= David O'Keeffe (lawyer) =

English academic

David O'Keeffe is an Irish lawyer. He is emeritus Professor of European Law at University College London, Senior Counsel of Dentons international law firm and a part-time European administrative law judge.

==Practice==

As a practitioner, he specialized in EU and WTO Trade law, State aid, antitrust, and energy law. He litigated before the European General Court and the European Court of Justice, principally in trade cases. Most of his cases concerned anti-dumping including the Rusal Armenal case on market economy treatment and the RFA appeal on the relationship between EU anti-dumping law and WTO law. He argued sanctions cases before the European Courts including the Dinamo Minsk litigation concerning EU sanctions against Belarus, and the cases OAO Minskii Avtomobilnyi Zavod and Belaz-upravljajusaja kompanija holdinga Belaz Holding v Council. He pleaded a number of competition cases including the Mediaset case on repayment of illegal State aid. He occasionally litigated in other areas such as the Eurojust case, pertinent for standing issues. He acts as an arbitrator in commercial disputes concerning the application of EU law.

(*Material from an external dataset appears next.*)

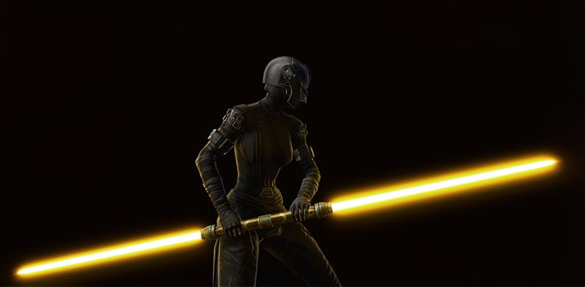 The Jaesa's Jedi Knight Dualsaber is a Companion Alliance double bladed lightsaber that can be found in Star Wars: The Old Republic. The Jaesa's Jedi Knight Dualsaber can only be used at a specific level and up, but if you are higher than the weapon's required level, you can wear it cosmetically in the Outfitter to show its appearance on your character while using a higher-level weapon in your Gear tab for stats.

==Administrative law judge==

From 2008 O'Keeffe was a judge of the Tribunal of the European University Institute. He was previously a Member for 6 years of the conciliation board of the European Space Agency.

==Academic career==

He was Professor of European Law at University College London (1993–2004) and Vice-Dean of the Faculty of Laws at a time when UCL had a number of European law scholars, including the eminent competition law expert Professor Valentine Korah, one of the founders of modern competition law and the first woman in the world to hold a chair devoted to this subject, Margot Horspool, Basil Markesinis and Nicholas Emiliou.

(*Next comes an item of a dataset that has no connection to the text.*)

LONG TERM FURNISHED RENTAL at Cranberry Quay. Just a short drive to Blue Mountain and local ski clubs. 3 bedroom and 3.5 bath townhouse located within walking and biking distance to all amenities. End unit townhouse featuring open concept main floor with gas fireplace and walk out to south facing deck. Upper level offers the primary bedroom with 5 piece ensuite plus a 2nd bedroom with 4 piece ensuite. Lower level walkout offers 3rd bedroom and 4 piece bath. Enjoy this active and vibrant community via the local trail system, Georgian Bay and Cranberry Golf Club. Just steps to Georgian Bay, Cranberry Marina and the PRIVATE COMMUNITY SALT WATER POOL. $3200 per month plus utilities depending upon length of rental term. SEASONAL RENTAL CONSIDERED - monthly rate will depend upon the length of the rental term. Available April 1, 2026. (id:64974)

He was Allen & Overy Professor of European Law and head of the Department of Law, University of Durham 1990–1993. He was a professor at the College of Europe in Bruges 1993–2006. He was a visiting professor at numerous Universities including University College Dublin, and the University of Siena. He was law clerk to Judge T.F. O'Higgins at the European Court of Justice 1985–1990. He was a lecturer in EU and public international law at Leiden University under Professor Henry G. Schermers 1980–1984.

He wrote on several areas of EU law, including his published General Course on European Community Law at the Academy of European Law, titled "The Individual and European Law", European University Institute, and on the free movement of labor in the EU,. Amongst the works with which he is most associated are “Mixed Agreements” (with Professor Henry G. Schermers), Kluwer, Legal Issues of the Maastricht Treaty (Chancery Law Publishing, 1994) and Legal Issues of the Amsterdam Treaty (Hart, 1999). He was co-founding joint editor of the European Foreign Affairs Review. and an editor of the Common Market Law Review 1985–2005.

==Public service==
He gave evidence on EU law to committees of the European Parliament, to the House of Lords and to the House of Commons. He advised the Government of The Netherlands on certain aspects of the Maastricht Treaty during the Netherlands Presidency of the EU.

He was a member of the High Level Panel on the Free Movement of Workers established by the European Commission, chaired by Simone Veil.

==EU Accessions==

From 1990, in connection with the Enlargement of the European Union, particularly the accession of Central and Eastern European countries, he lectured on EU law and the legal consequences of EU accession on national law at universities and groups of civil servants, judges and legal practitioners particularly in Poland, Romania, Slovenia, Slovakia.

==Personal==

He was born in Ennis County Clare. He was educated at Clongowes Wood College, University College Dublin and Yale Law School.